JMK argued that the report dated October 9, 2019, had no adverse information that could deny him access to the minor as he awaited a determination on who would be granted full custody.
He accused CWK of moving the minor from a Sh12,000-per-term school to one charging Sh154,000 without his knowledge.
According to him, the minor needed a secure relationship with both parents and it was necessary for her to relate with him as the father given that she was joining the school and his presence and involvement would assist in making decisions.
On home care, the man said he gets home early, and that a nanny and not CWK is the girl’s primary caregiver. In her reply, CWK urged the court to dismiss the case.
She argued that the children’s officer’s report had revealed that JMK did not know how to take care of children.

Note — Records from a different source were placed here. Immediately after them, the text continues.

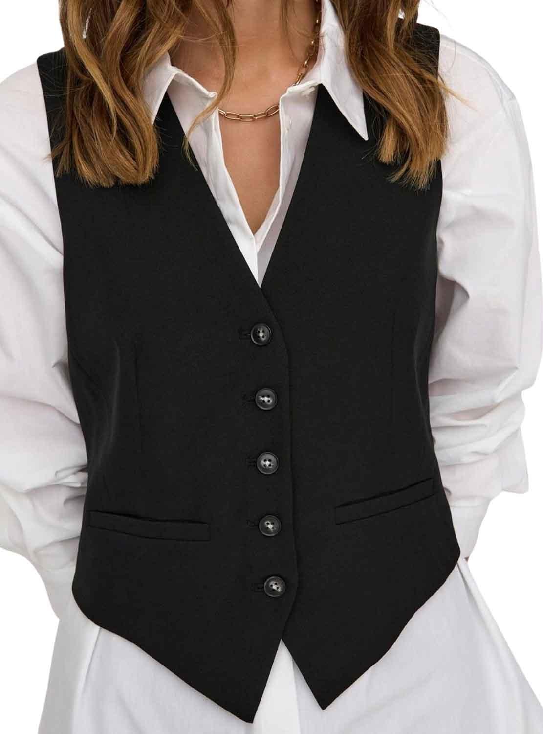 Colete Only. Modelo Diana. Cor preto. Fecho de botão. Sem mangas. Ajustável nas costas. Estilo recortado. Gola V.
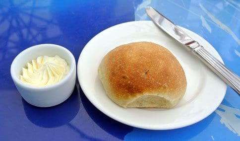 Shortly after you’re seated and menus are gently placed in your anxious hands, a server uses silver tongs to extricate a single bread roll from its warm repository. Just out of the oven, it’s a rosemary foccacia from which wisps of steam escape when you cut into it. The steam is redolent of rosemary, just enough to be discernible. The foccacia is golden brown on the outside with just enough crust to hold in soft, tender and delicious innards. It’s served with butter that’s easy to spread.
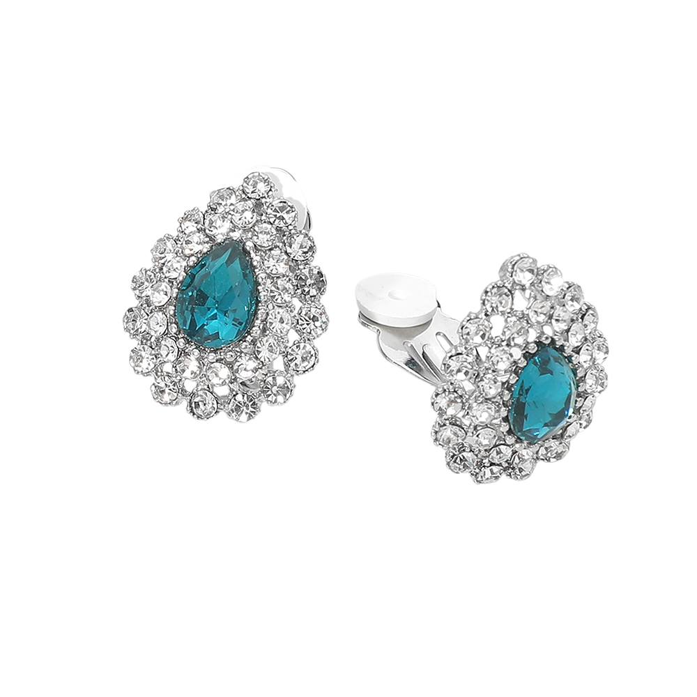 • Crystal teardrop cluster clip earrings featuring a classic halo-inspired design that adds instant elegance to any look. Designed for comfortable, secure wear without piercings, perfect for special occasions or elevated everyday styling. Ideal for boutiques seeking timeless, dressy statement earrings with refined appeal.
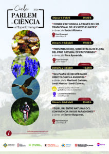D’altra banda, des de l’Àrea de Medi Ambient de l’Ajuntament de la Seu d’Urgell, l’Espai Ermengol-Museu de la Ciutat i MeteoPirineus, la setmana que ve es dona el tret de sortida a la 5a edició del cicle «Parlem de Ciència», amb un programa que posa el focus en la fauna, la flora i els reptes de sostenibilitat del territori pirinenc.
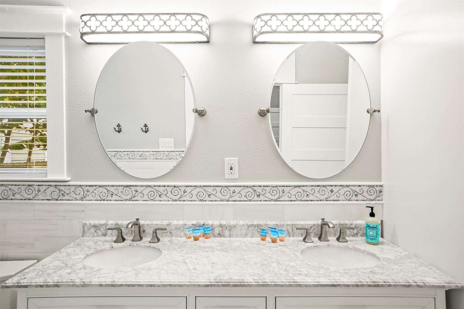After a day at the beach walk 5 minutes back to our single family home that has three bedrooms and 2.5 baths. Chefs kitchen includes a wine fridge to chill all your beverages.
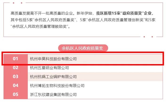 余杭区人民政府质量奖是余杭区人民政府对区内对实施卓越绩效管理并在产品生产、工程建设、服务提供、环境保护等方面取得显著经济效益和社会效益的组织(包括企业或其他组织)授予的全区最高质量奖励。
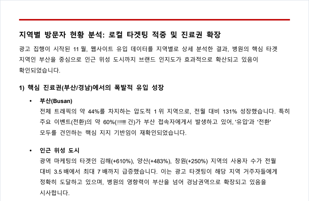 이 글은 A안과 11월 월간보고서에 담긴 내용을 바탕으로, 11월 한 달 동안 병원 마케팅에서 어떤 일들이 있었는지, 광고와 홈페이지, 환자 유입에 어떤 변화가 있었는지, 이 변화가 병원 운영에 어떤 의미를 가지는지를 원장님 입장에서 이해하기 쉽게 풀어 설명한 글입니다.
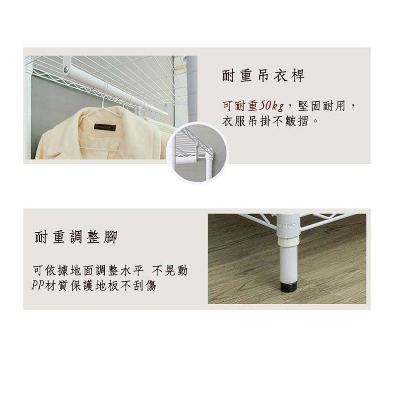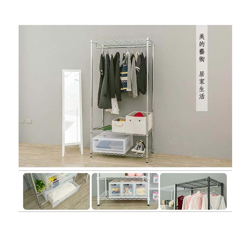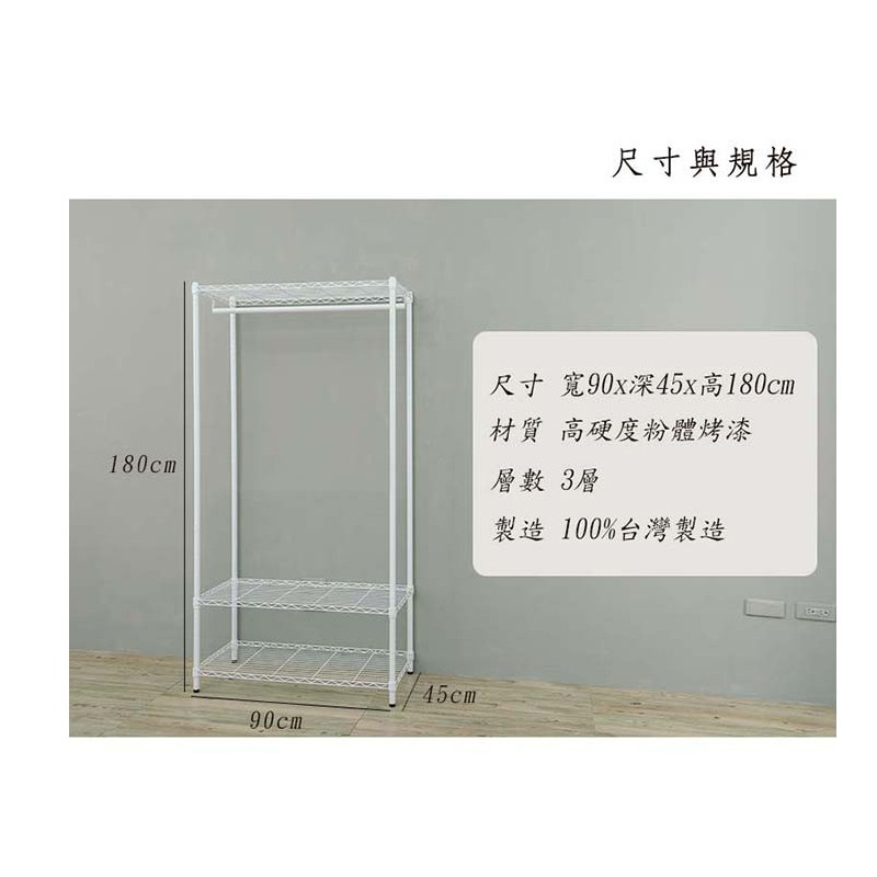 dayneeds 三層單桿衣櫥架90x45x180cm(烤漆黑/白) 鐵力士架 收納架 廚房架 置物櫃白色-搭白吊衣桿|黑色-搭黑吊衣桿Wardrobesdayneeds收納生活館

She claimed that they had tried to negotiate the terms of access and maintenance but could not reach an agreement.
Their differences, she said, were mostly about maintenance. CWK told the court that JMK has said he would only cater for the minor’s expense on suggested one-day access.
She argued that he had never provided for his daughter since she was born.
She said that he had been allowed to visit the minor at her residence but he rejected the idea.
Justice Mwita declined to intervene, instead sending the two parents back to the Children’s Court for a full hearing to determine who will have custody.